(Problem requirements): Every line below needs to be printed again exactly, without any of its pictures.

(Dataset excerpt):
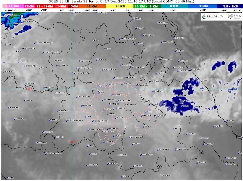 Para el estado de México, por la mañana, se pronostica cielo parcialmente nublado, ambiente fresco en la región y frío en zonas altas. Bancos de niebla al amanecer. Por la tarde, ambiente templado con probabilidad de lluvias e intervalos de chubascos con descargas eléctricas y posible caída de granizo.
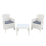 Splendido set da giardino e balcone in polipropilene effetto rattan. Composto da due poltrone con cuscini e tavolino. Materiale: Polipropilene effetto rattan Uso esterno: Resiste agli agenti atmosferici/muffe/smog/polvere. Non adatto ad utilizzo professionale Quantità: Salotto da 3 pezzi da balcone Dimensioni poltrone cm 60 x 58 x 89. Dimensioni tavolino cm 59 x 46 x 40.
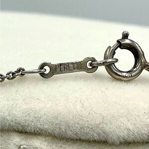 This Tiffany & Co silver “bean” necklace adds a touch of sophistication to any outfit. Perfect for any occasion.
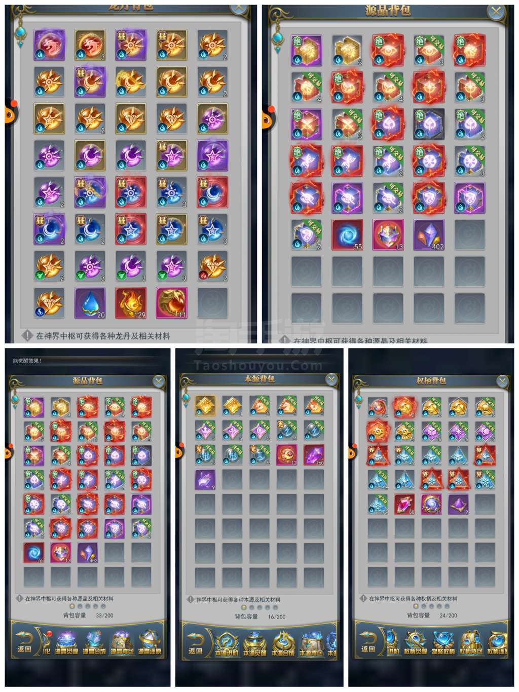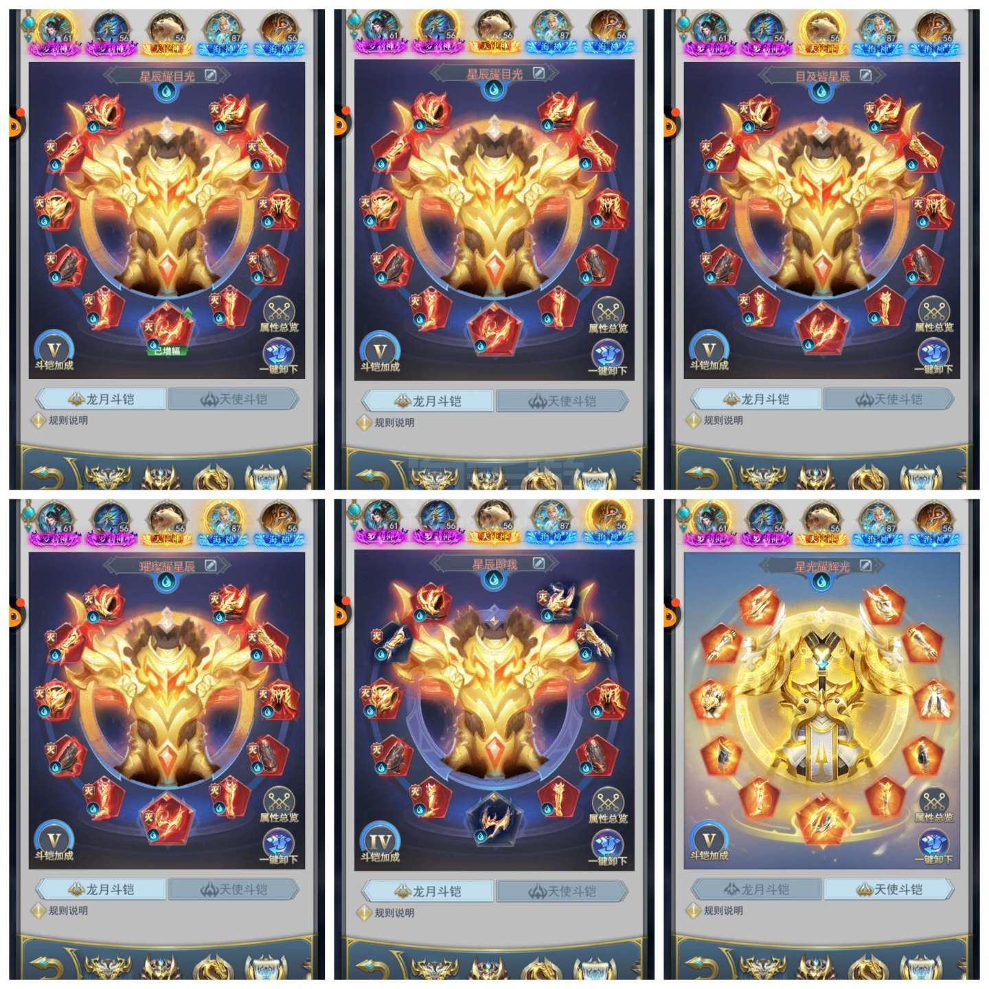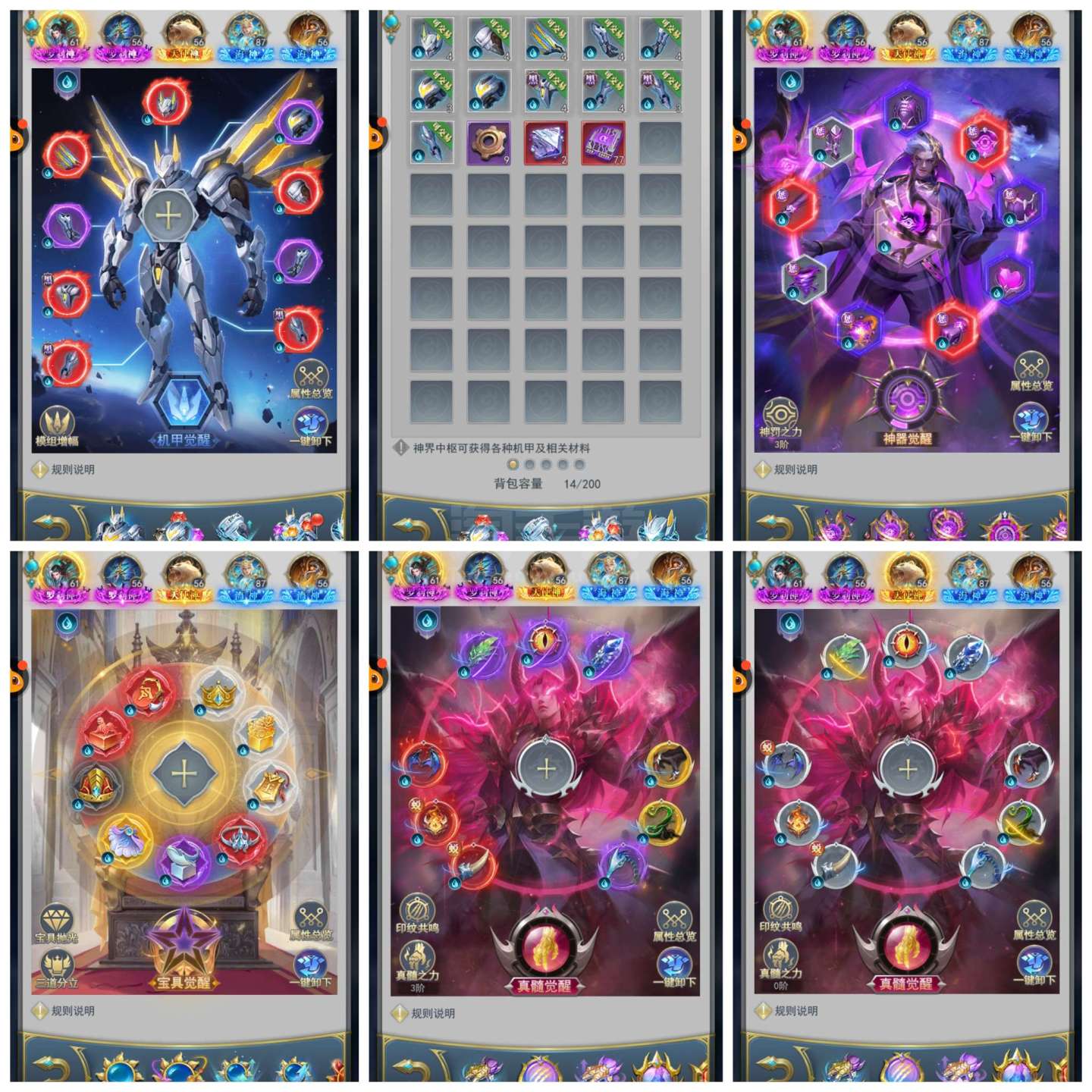 6套五字斗铠,5套红秘法,4套圣物,4套龙丹,4套本源,4太源晶,2套混沌,一套神器,8排大奖

(Result below):
 Para el estado de México, por la mañana, se pronostica cielo parcialmente nublado, ambiente fresco en la región y frío en zonas altas. Bancos de niebla al amanecer. Por la tarde, ambiente templado con probabilidad de lluvias e intervalos de chubascos con descargas eléctricas y posible caída de granizo.
 Splendido set da giardino e balcone in polipropilene effetto rattan. Composto da due poltrone con cuscini e tavolino. Materiale: Polipropilene effetto rattan Uso esterno: Resiste agli agenti atmosferici/muffe/smog/polvere. Non adatto ad utilizzo professionale Quantità: Salotto da 3 pezzi da balcone Dimensioni poltrone cm 60 x 58 x 89. Dimensioni tavolino cm 59 x 46 x 40.
 This Tiffany & Co silver “bean” necklace adds a touch of sophistication to any outfit. Perfect for any occasion.
 6套五字斗铠,5套红秘法,4套圣物,4套龙丹,4套本源,4太源晶,2套混沌,一套神器,8排大奖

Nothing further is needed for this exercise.